Run Scalable from the directory containing .env:

cd /path/to/your/project   # directory with .env
scalable validate ./scalable.yaml
scalable compose "Run GCAM then Stitches"

Or in Python:

# The .env is loaded automatically on import
from scalable import ScalableSession

Where to Place the `.env` File

Scenario	Location
CLI usage	The directory you `cd` into before running `scalable` commands
Python scripts	The directory from which you launch `python your_script.py`
Jupyter notebooks	The notebook's working directory (check with `os.getcwd()`)

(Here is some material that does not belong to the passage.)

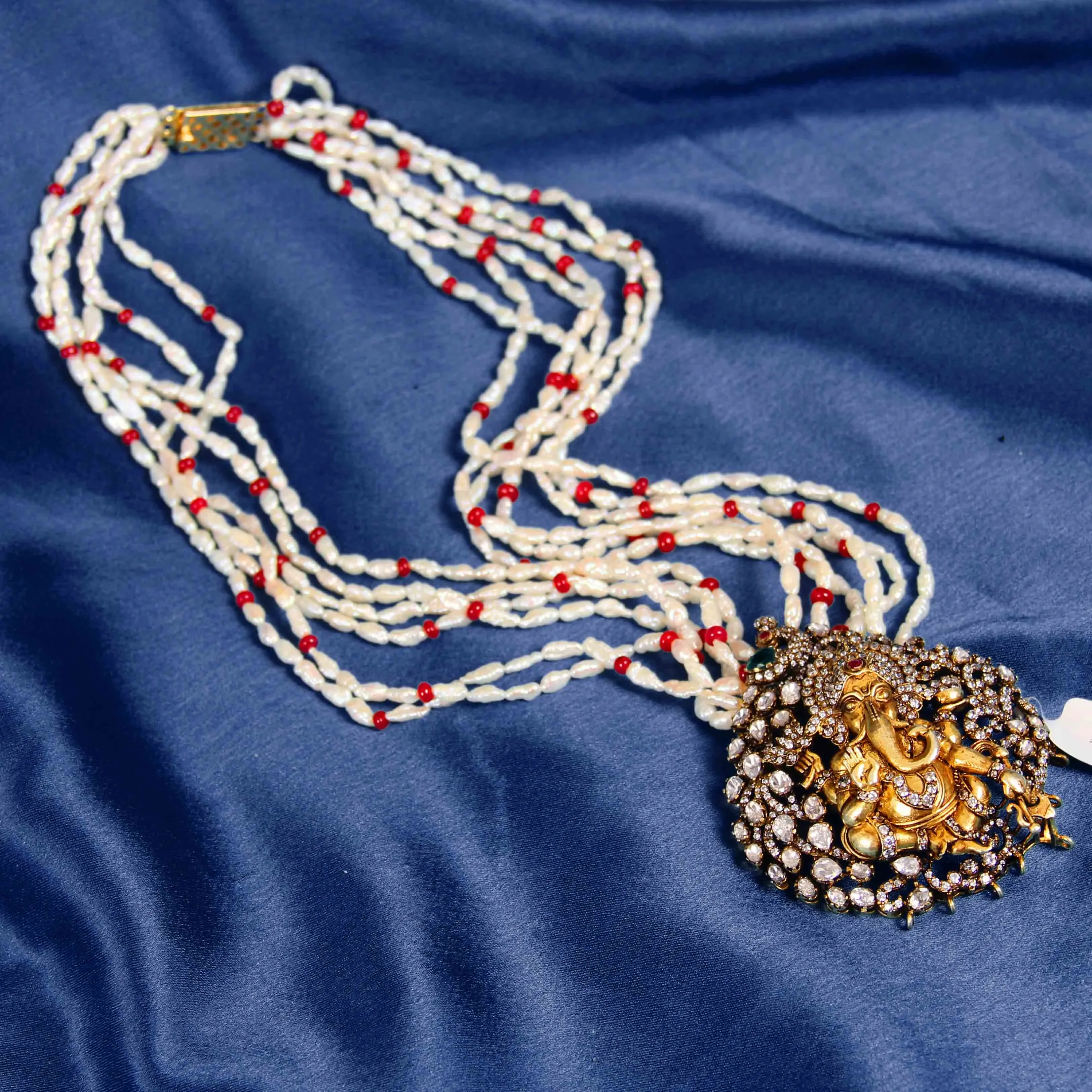 Ganesh Pendant Necklace with Pearl and Red Beads | Sandeep Creations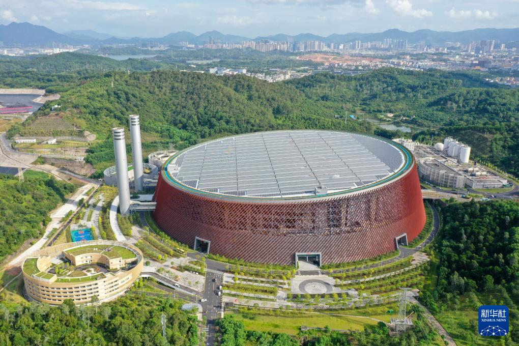 这是深圳龙岗能源生态园,从玉龙垃圾填埋场挖掘、筛分后的轻质物将被转运到这里焚烧发电(无人机照片,2023年8月8日摄)。新华社记者 梁旭 摄

Tip: If your working directory differs from where .env lives (e.g., in notebooks that os.chdir() into temp directories), use the programmatic helper:
from scalable.common import load_env
load_env("/absolute/path/to/your/.env")

Override Priority

Environment variable resolution follows this priority (highest → lowest):

SCALABLE_AI_* variables (e.g., SCALABLE_AI_BACKEND) — Scalable-specific overrides
Generic AI_* / LLM_* variables (e.g., AI_PROVIDER, LLM_MODEL_NAME) — from .env
Provider-specific keys (e.g., OPENAI_API_KEY) — used as fallback for AI_API_KEY
Built-in defaults (e.g., AI_PROVIDER=none, SCALABLE_CACHE_DIR=./cache)

Security

⚠️ Never commit .env to version control. The repository .gitignore already excludes .env. The included .env.example is safe to commit and serves as a template.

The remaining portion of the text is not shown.